Now I may not have read Jughead: The Hunger, but I was someone who read Vampironica from start to finish. Vampironica was a book that may have left you with some conflicting feelings. That was why I couldn’t help but anticipate this book that would open us up to a new chapter in Veronica’s life as a vampire. Especially now that we are learning she is not as cured as she thought. Which begs to question, how? How does a vampire go about their normal life without knowing that they are still a part of the undead?
We got our answer pretty fast, but still I couldn’t help but feel unsatisfied. There’s absolutely no way to hide that someone is a vampire. Not when vampires only drink blood, when they will have triggers for their transformations, when they will always have some sensitivity to sunlight. Unless there is some trinket or spell, it’s hard to ignore the fact that this is close to impossible, even in the realm of fantasy. If there was a proper explanation, I could roll with it, but we did not get much of that.

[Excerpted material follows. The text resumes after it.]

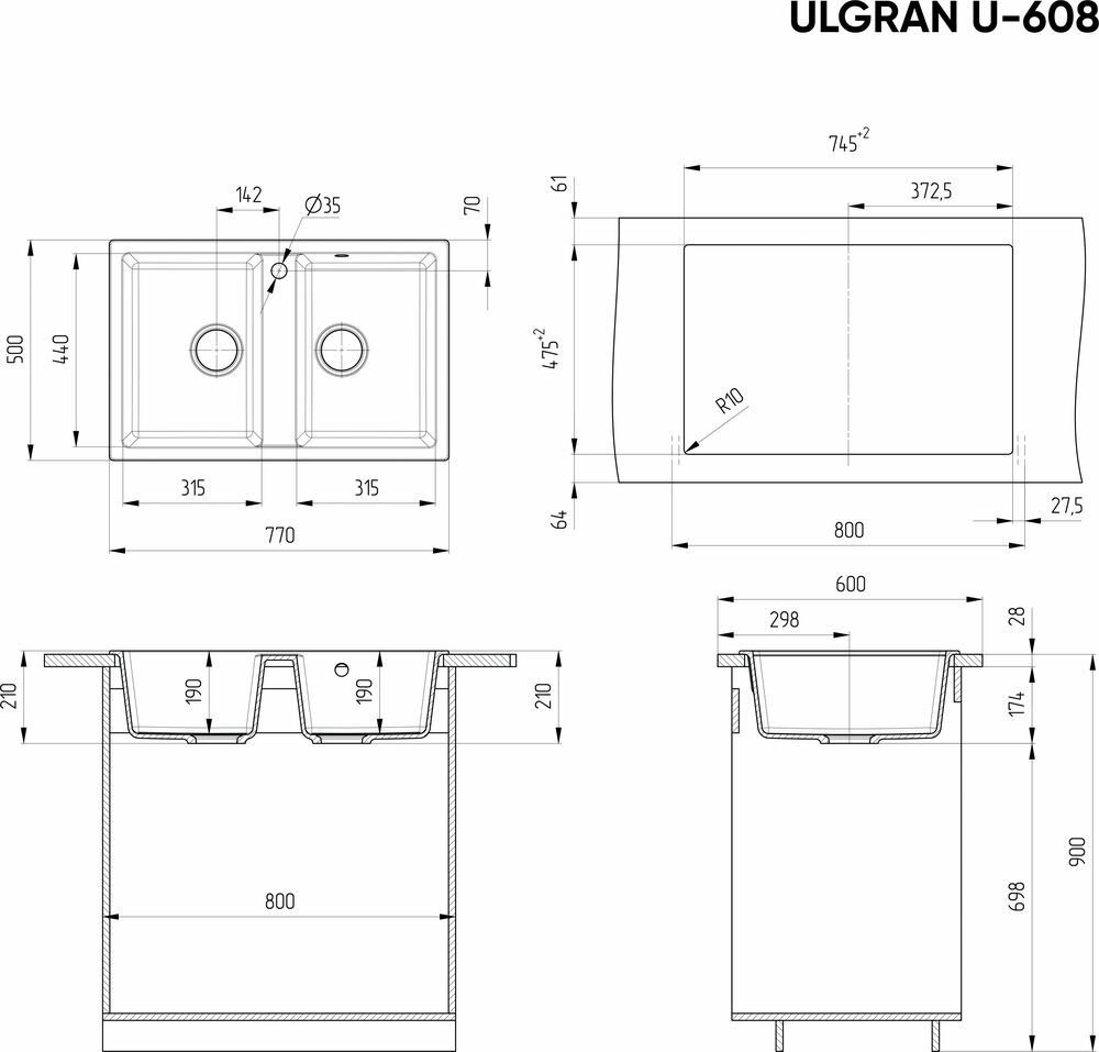 Кухонная мойка Ulgran черный U-608-308 интересное:

What I appreciated about this second issue was the way it eased those of us unfamiliar with the world of Jughead: The Hunger into his story. I’ll admit that they have done wonderful things on that end because it’s not only a Riverdale where werewolves exist. Hunters exist, Frankenmoose, and apparently more. It was interesting how from the introduction of Jughead we began to transition into the plot for this crossover. The big question for the plot was what would drive this conflict between Jughead and Veronica. As we know with these stories, there tends to be a formula. These stories are versus, but the clash only really happens upon first contact. After that, they begin asking the right questions about one another, and then they join forces to take on the bigger threat. How they approached this was where you found redemption past the unsatisfactory Veronica situation. Nothing as straightforward as you would have assumed, which is a plus. What we got was an interesting merging of two worlds on top of wheels already set in motion. Entertaining actually because Jughead and company have been there and done that, yet still couldn’t believe that their next big problem was vampires. That did make the build-up to the reveal exciting if you ask me.

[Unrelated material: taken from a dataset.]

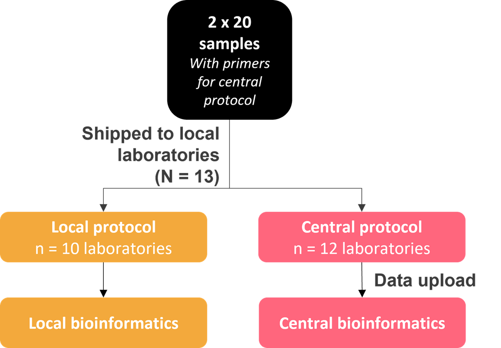 Using local protocols, the number of aligned sequencing reads was often similar within each laboratory, but different among the participating laboratories. In contrast, when using the central protocol, there were similar results within each laboratory and between different laboratories.

I actually found the characters from Jughead’s world a lot more engaging. All of them so contrasting to what you are used to from them. Betty Cooper as this hunter who both swears a lot and is very comfortable with the supernatural world. An Archie who plays more of the middleman with humorous reactions to what goes on around him. Then you have Jughead who you would expect to be more front center and aggressive, but somehow still doesn’t seem to fully understand what is and what he can do.

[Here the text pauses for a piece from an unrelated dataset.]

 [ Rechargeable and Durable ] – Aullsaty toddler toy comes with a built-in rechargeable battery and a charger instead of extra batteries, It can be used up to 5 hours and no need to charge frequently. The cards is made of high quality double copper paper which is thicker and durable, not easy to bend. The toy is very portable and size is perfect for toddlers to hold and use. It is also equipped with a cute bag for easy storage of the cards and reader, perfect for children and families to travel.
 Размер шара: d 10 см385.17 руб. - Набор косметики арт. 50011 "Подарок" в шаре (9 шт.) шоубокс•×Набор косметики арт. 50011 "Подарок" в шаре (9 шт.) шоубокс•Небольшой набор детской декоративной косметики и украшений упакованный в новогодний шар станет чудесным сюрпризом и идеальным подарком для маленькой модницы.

The artwork for this book impressed me between the first issue and this second. When it comes to books like this, you tend to worry most about the quality of the interior art. That usually tells you what kind of story you’re in store for. Fortunately, this was an art team that is seasoned with the horror theme. Great atmosphere, expressive characters, and kept to the appeal of unique panel layouts. For having multiple artists as well, I was impressed that you couldn’t tell too much that the styles were switching up. That would have been a big problem to notice as changes too big can create distractions. One thing with the colors that grabbed my attention the most was how blood spats were handled. I thought it was clever to make it a shade of red which always stood out without overtaking a scene. Just enough here and there to create a sense of horror for said moment.
It was hard to say if this was a crossover worth investing in after the events of the first issue, but Jughead: The Hunger vs. Vampironica #2 does a better job of creating investment in what this story has to offer. There’s still some questions that need to be answered about the twist to Vampironica’s story. However, they made up for this for now by taking advantage of the fleshed out world of Jughead: The Hunger and it’s engaging cast of characters.